We could start by picking some worthy causes from this list of distributed computing projects on Wikipedia.
Who knows - if it was actually doing some good, maybe Apple would allow it? Unlike mining Bitcoins, which it would shut down before you could blink.
As Evangelist for Applifier’s Everyplay platform, Oscar spreads the word on the game discovery benefits of gameplay recording & sharing, how opt-in video advertising can help convert non-paying users, as well as bring in direct revenue.
He has been a pioneer in online, mobile, and console social games services since 1998. He is also currently working on his first book, Games As A Service – How Free To Play Design Can Make Better Games, expected in March 2014.
Hmm. Must not just rant. Must not just rant. Oh, stuff it.
First, the use of Bitcoins is still a currency of exchange. It's nothing to do with the economics of free-to-play and compounding these issues is really not helpful. It might make a good headline but it doesn't really help.
Bitcoins is already a currency that is surrounded by as much myth as fact and it is as yet unclear how useful it might be in the end. I understand that the value of BitCoins recently took a bit of a crash when the authorities decided to take down the SilkRoad (which itself wasn't exactly a paragon of virtue).
To be honest, I'm bored of lazy uninformed comments about free-to-plau as a concept. I accept that there are lots of people who don't like specific games or the way they might make money. Fine! Don't play them and tell people what you don't like about that game.
That's entirely reasonable; there are some I don't particularly like too. But dismissing the model in a simple-minded way is just getting boring as it has descended into a he said, she said' argument.
It is entirely sensible for a designer to decide that want to sell items in the game (freemium) rather than upfront in a store they have little control over.
The Price Elasticity effect has been known about for a lot longer than freemium games. The concept moving to 'games as a service' rather than a product has also been around for a while, but I admit that's more recent.
There is good data to support this model and they don't have to be implemented cynically.
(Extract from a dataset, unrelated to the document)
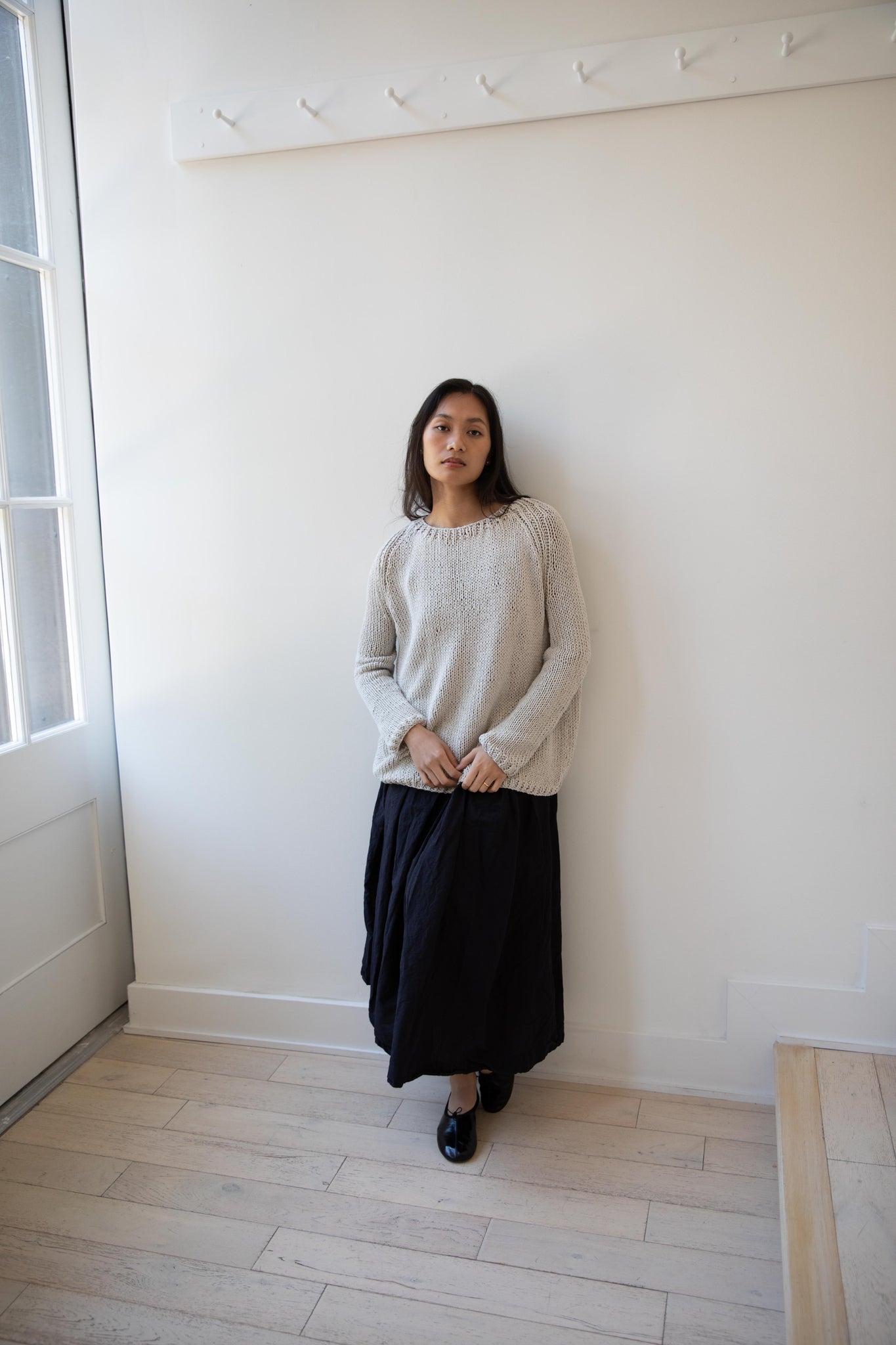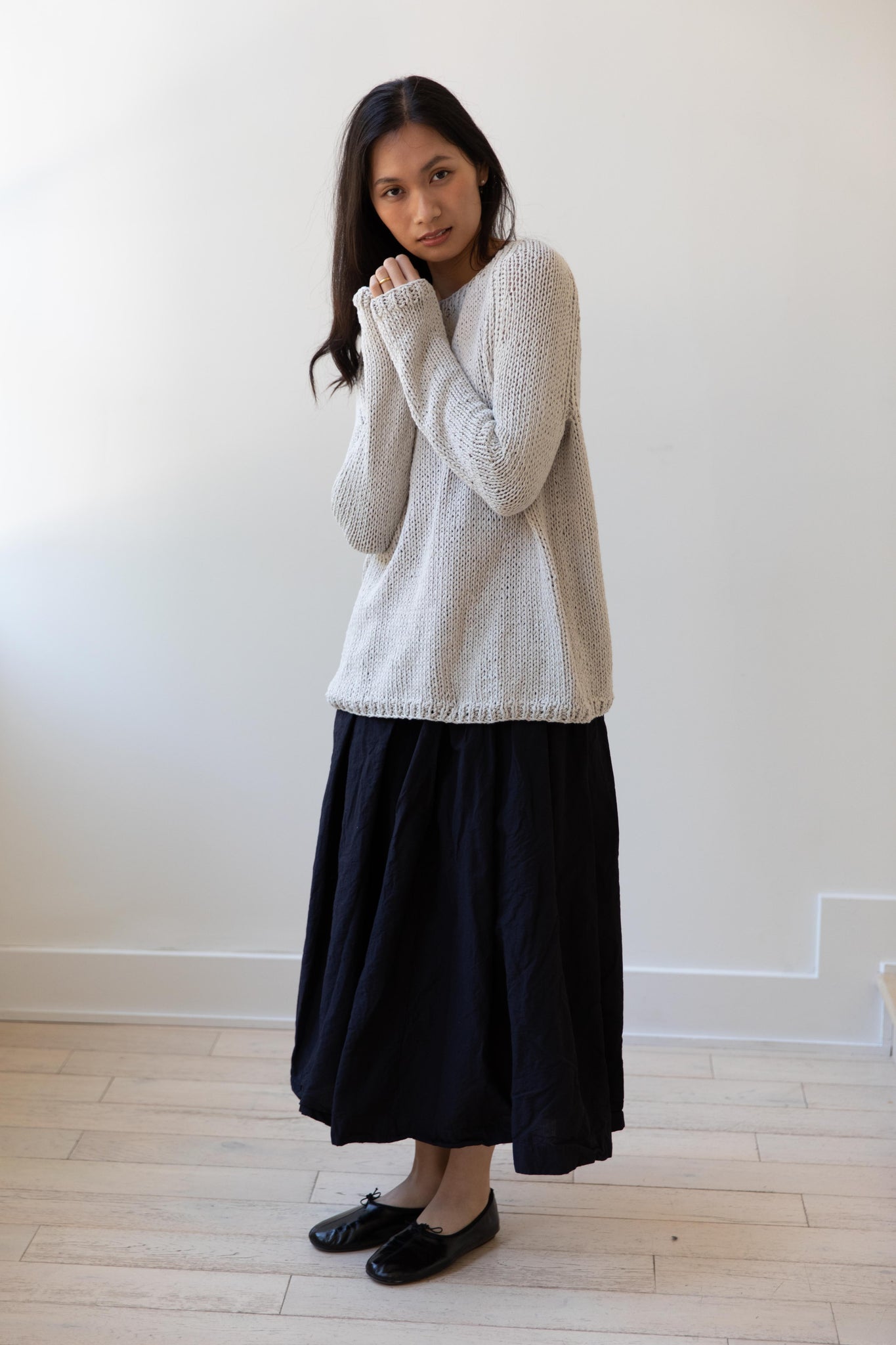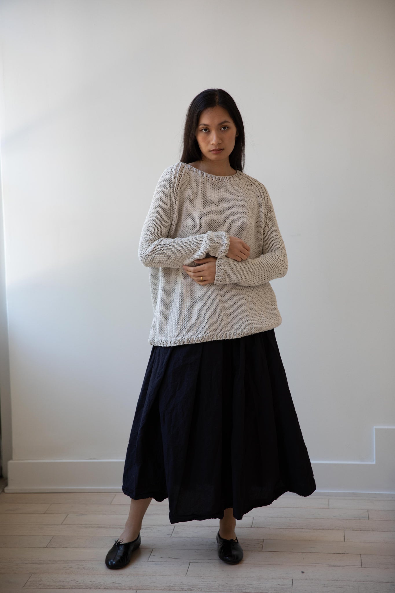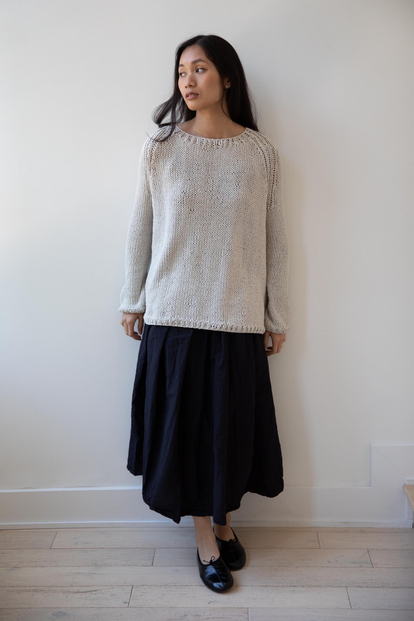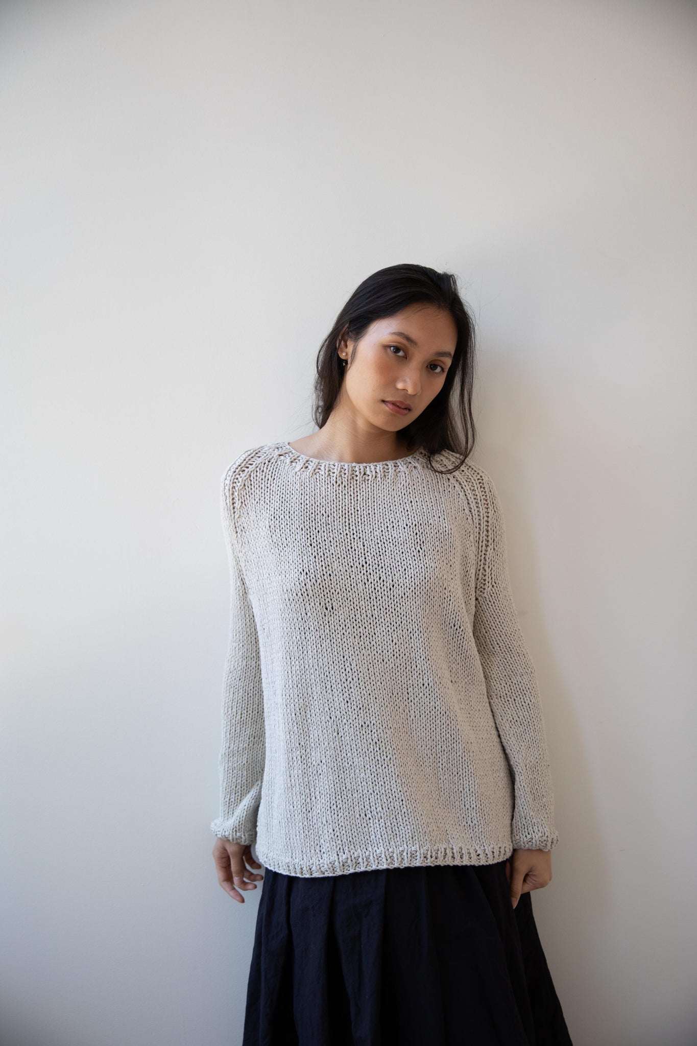 This loose knit raw silk pullover is an ideal piece to layer throughout the year. Made from a nubby and textured yarn, the oversized fit combined with the drapey quality of the textile makes for a great sweater to combine with a skirt in the warmer season. The off white color has a grey misty hue.

The best practice continues to evolve. Just as the language we use to describe these models is evolving.
Where there is a connection is that Bitcoins and free-to-play mechanics are tools. We can choose to use them to find alternative business models. They are not incompatible or contradictory; they can be used together.
Bitcoins is just another form of currency. The trouble is that its not yet widely understood or widely accepted either by a mass market audience or most other financial institutions. It may well end up being although, personally, I doubt it as there is a lot of vested interest in the current models of cash.
Putting these two different concepts up as if they are in competition simply seems, as I said, like a crude attempt to get a headline.
Jas Purewal, Osborne Clarke
I think it's very likely that the mobile platform holders (above all, Apple) would come down on hard on this.
Firstly for business reasons: what share do they get from all this? Secondly for legal reasons: the legal status of Bitcoin is still pretty uncertain and that's why pretty much all the major global companies are watching it (and other digital currencies) carefully but not yet getting involved with it.
Thirdly for PR reasons: Bitcoin and other digital currencies are often being viewed at best with apprehension and at worst with ignorance. This does not sound promising.
Maybe the grassroots take-up of Bitcoin and other digital currencies will mean the platforms change their mind in the future, but it feels like we're a long way from that yet.